SIP Phone and WebSDK issue
Incident Report for Plivo
Postmortem

Description

Today we had an incident blocking part of WebRTC clients to connect to our platform. One of our provider had an emergency maintenance on their datacenter where some of our servers for WebRTC registration are hosted. During the maintenance, some servers went down but the service was still operational. When the faulty servers were restored, they were re-deployed with a previous firewall configuration. This firewall configuration has very aggressive policies blocking excessive registration attempts and rate limiting packets. Because of those policies, the servers started to block legitimate traffic including WebRTC clients.

Timeline

  • May 13 18:33 UTC : Receiving alert regarding servers down in one datacenter
  • May 13 18:46 UTC : Provider is updating us regarding an emergency network maintenance
  • May 13 19:16 UTC : Servers are back but still not in production
  • May 13 19:37 UTC : Servers are back in production
  • May 13 21:13 UTC : Support Team is escalating to Devops Team tickets from some customers related to connection timeouts with WebRTC client.
  • May 13 21:27 UTC : Devops Team is investigating with the provider.
  • May 13 21:53 UTC : Root cause is identified. Firewall is blacklisting and rate limiting source IPs on the servers.
  • May 13 22:15 UTC : Firewall is flushed and restored with correct policies. Service is restored for all blocked IPs.
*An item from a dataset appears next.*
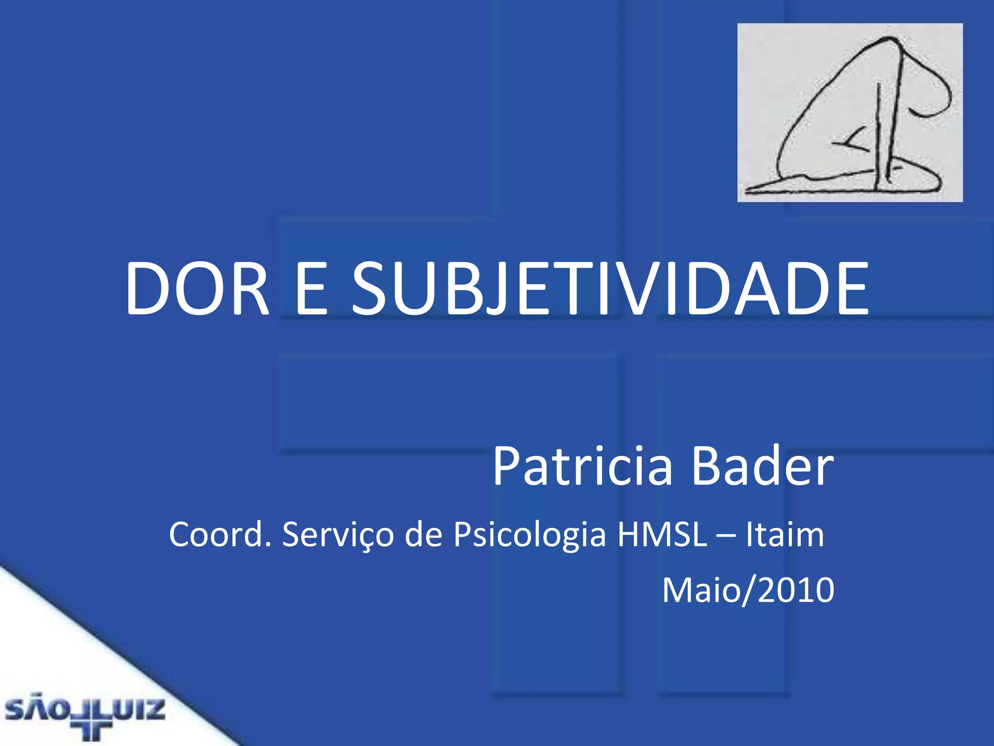 O documento discute a dor física e psicológica. A dor física depende da neurofisiologia e afeta o psiquismo. A dor também tem componentes psicológicos e sociais. A dor pode ser real sem lesão orgânica aparente. Memórias dolorosas podem ser reativadas, causando nova dor inexplicada. O eu tenta intensificar a dor da representação para lidar com a ameaça à integridade.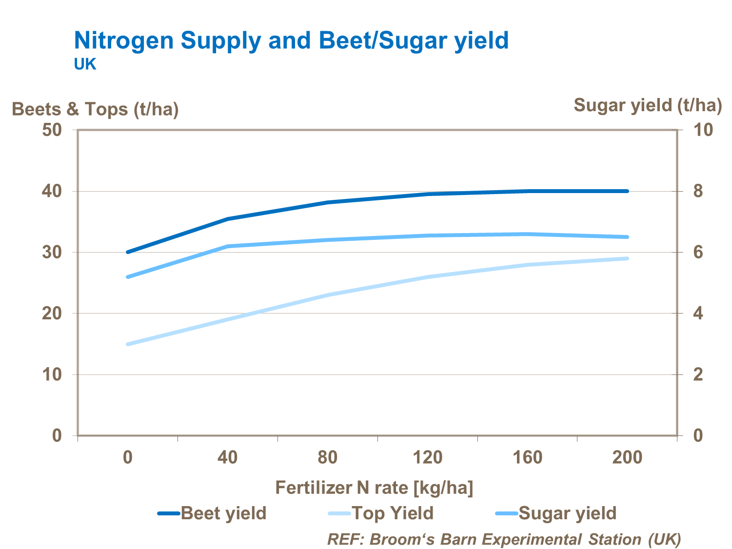 A typical optimum nitrogen rate for beet yield is approximately 120 kgN/ha.

What we are doing to prevent this problem in future

We have a monitoring system in place to alert us if there are too much connections and registration failures. Even with such monitoring, we were not able to catch an abnormal volume of blocked packets. We will now monitor the incoming traffic and raise an alert if the number of active packets on our registration ports is below a certain limit. We will also raise an alert if we see a sudden spike of packets dropped. Finally, we will make sure firewall configuration deployed is always the last version and past versions cannot be restored and installed on our production servers.

Posted May 13, 2017 - 23:51 UTC

Resolved
The issue has been resolved. The websocket service to register WebRTC clients was unresponsive for few minutes.
Posted May 13, 2017 - 22:20 UTC
Investigating
We are experiencing an issue with our SIP Registrar service impacting SIP Phones and WebSDK registration and calls.
Posted May 13, 2017 - 22:12 UTC